Sadly, that question has been asked of a dizzying number of unfaithful men in recent memory: Arnold Schwarzenegger, Dominique Strauss-Kahn, Mark Sanford, John Ensign, John Edwards, Eliot Spitzer, Newt Gingrich, Bill Clinton ... the list goes on and on.
The conventional answer is that when it comes to sex, a certain kind of man, no matter how intelligent, doesn’t think at all; he just acts. Somehow a need for sexual conquest, female adulation and illicit and risky liaisons seems to go along with drive, ambition and confidence in the “alpha male.” And even if we denounce him and hound him from office, we tend to accept the idea that power accentuates the lusty nature of men.
This conception of masculinity is relatively new, however. For most of Western history, the primary and most valued characteristic of manhood was self-mastery. Late antique and Roman writers, like Plutarch, lauded men for their ability to resist sexual temptation and control bodily desire through force of will and intellect. Too much sex was thought to weaken men: a late-15th-century poem mocks an otherwise respectable but overly sexually active burgess who has “wasted and spent” his “substance” until there is “naught left but empty skin and bone.”
Rampant sexuality was something men were supposed to grow out of: in medieval political theory, young male bodies were used as symbols of badly run kingdoms. A man who indulged in excessive eating, drinking, sleeping or sex — who failed to “rule himself” — was considered unfit to rule his household, much less a polity.

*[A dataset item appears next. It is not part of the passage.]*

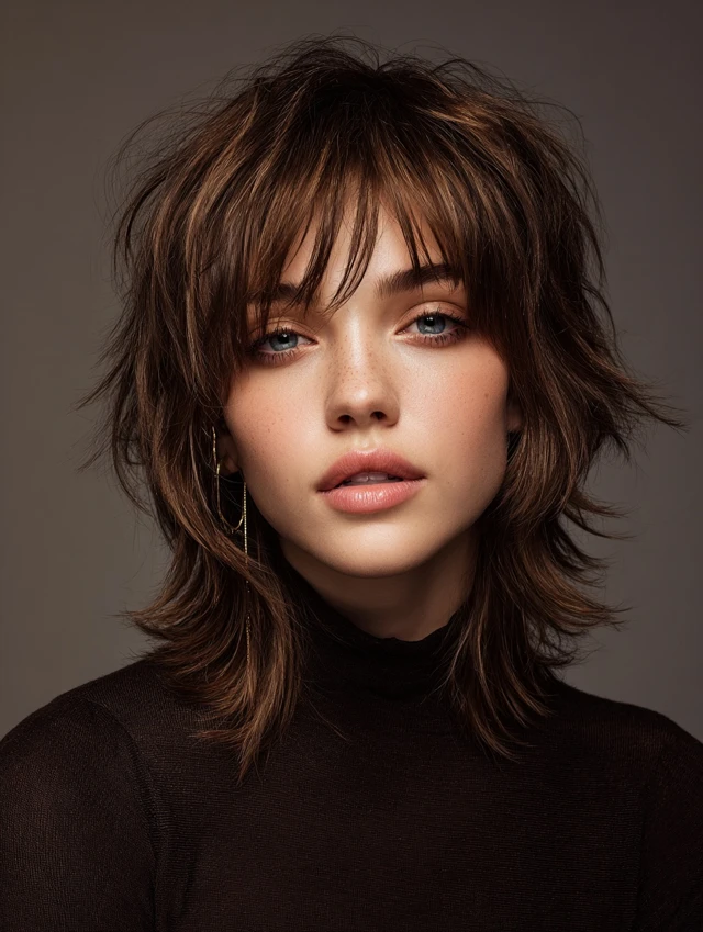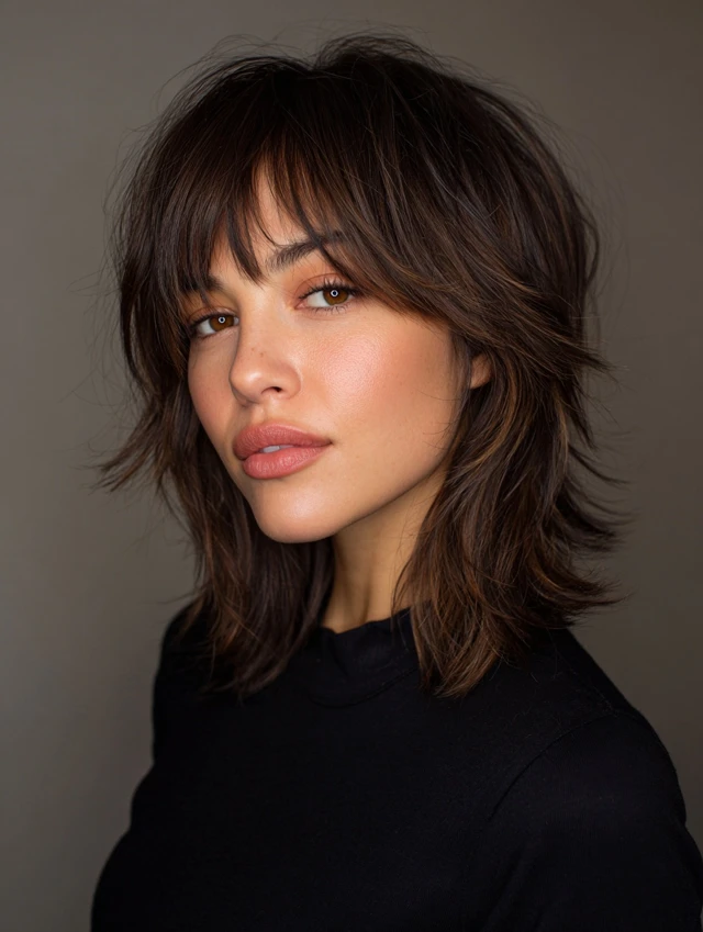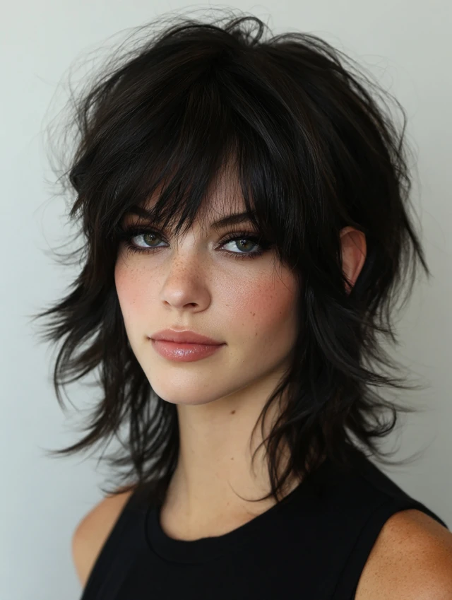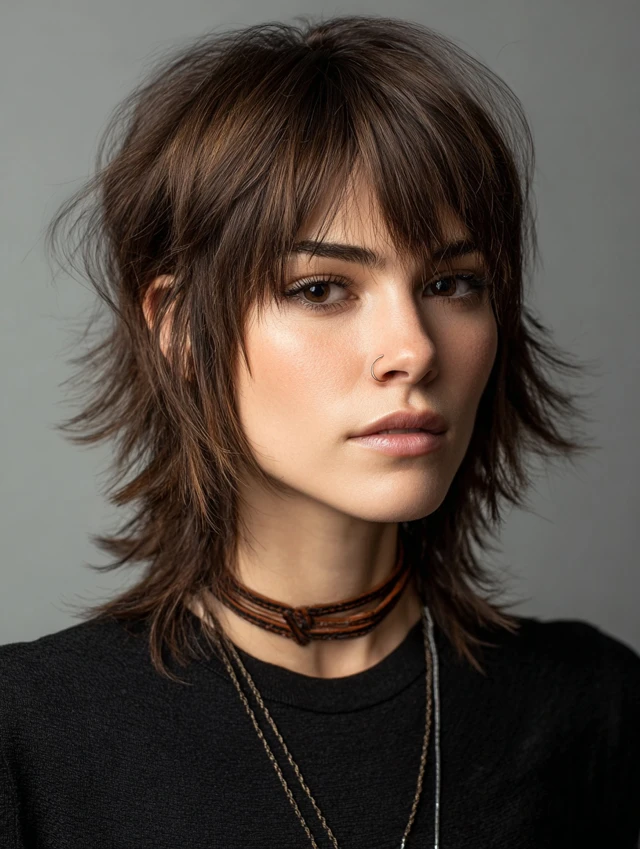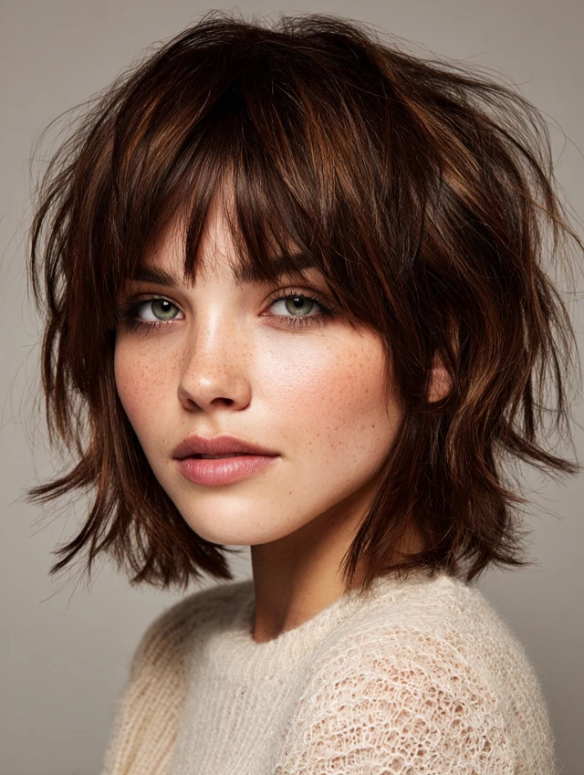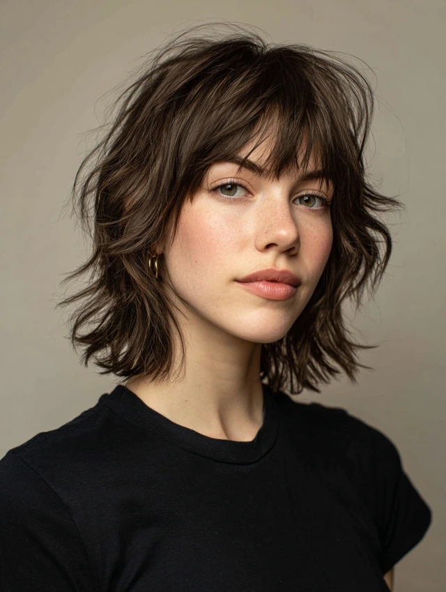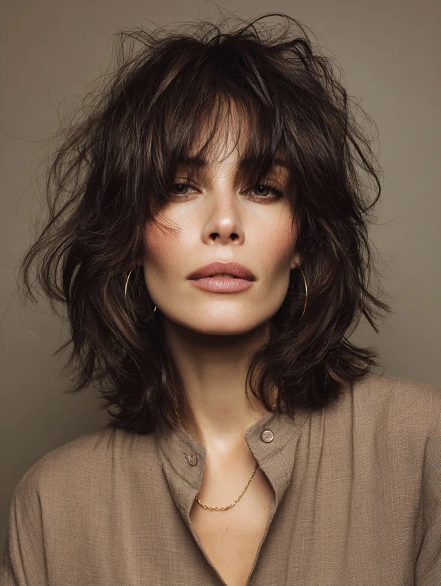 To nail this look, ask your stylist for choppy layers at the crown, longer textured ends, and soft curtain bangs. Use a light mousse, cream, or texturizer to enhance texture. Air-dry or diffuse lightly for volume and movement. Regular trims every 6–8 weeks keep the cut fresh and maintain the perfect balance between edgy layers and soft bangs.

Far from seeming “manly,” aggressive sexuality was associated with women. In contrast to the Victorian view of women that is still influential today, ancient and medieval writers described women as consumed by lust and sexual desire. In 1433, officials in Florence charged with regulating women’s dress and behavior sought “to restrain the barbarous and irrepressible bestiality of women who, not mindful of the weakness of their nature, forgetting that they are subject to their husbands, and transforming their perverse sense into a reprobate and diabolical nature, force their husbands with their honeyed poison to submit to them.”
Because of this association of sexuality with femaleness, men who failed to control their sexual urges or were susceptible to feminine attractions found their masculinity challenged. Marc Antony was roundly mocked as having been “softened and effeminized” by his desire for Cleopatra. When the king and war hero Pedro II of Aragon spent the night before a battle not in prayer or council but in bed with a woman, he was labeled effeminate.
Few of us would wish to revive these notions or endorse medieval misogyny. But in the face of recent revelations about the reckless and self-indulgent sexual conduct of so many of our elected officials, it may be worth recalling that sexual restraint rather than sexual prowess was once the measure of a man.
How and why have we moved so far from this ideal? Why do so many powerful men take sexual risks that destroy their families and careers? Contemporary worship of youth is one explanation: rather than shunning the idea of childishness, many adults, male and female, now spend much of their time clinging to an illusory and endless adolescence. The ability to be a “player” well into middle age thus becomes a point of pride, rather than shame, for the modern man. Perhaps the erosion of men’s exclusive status as breadwinners and heads of households also figures in: when one no longer “rules the household,” there may be less motivation for or satisfaction in “ruling oneself.”
But in the face of recent headlines I find myself less inclined to analyze or excuse current mores than to echo medieval ones. The critics of Pedro II of Aragon would have turned Arnold Schwarzenegger’s own words against him and his kind: Who are the girlie men now?
Sara Lipton, an associate professor of history at the State University of New York, Stony Brook, is a fellow at the Cullman Center for Scholars and Writers at the New York Public Library.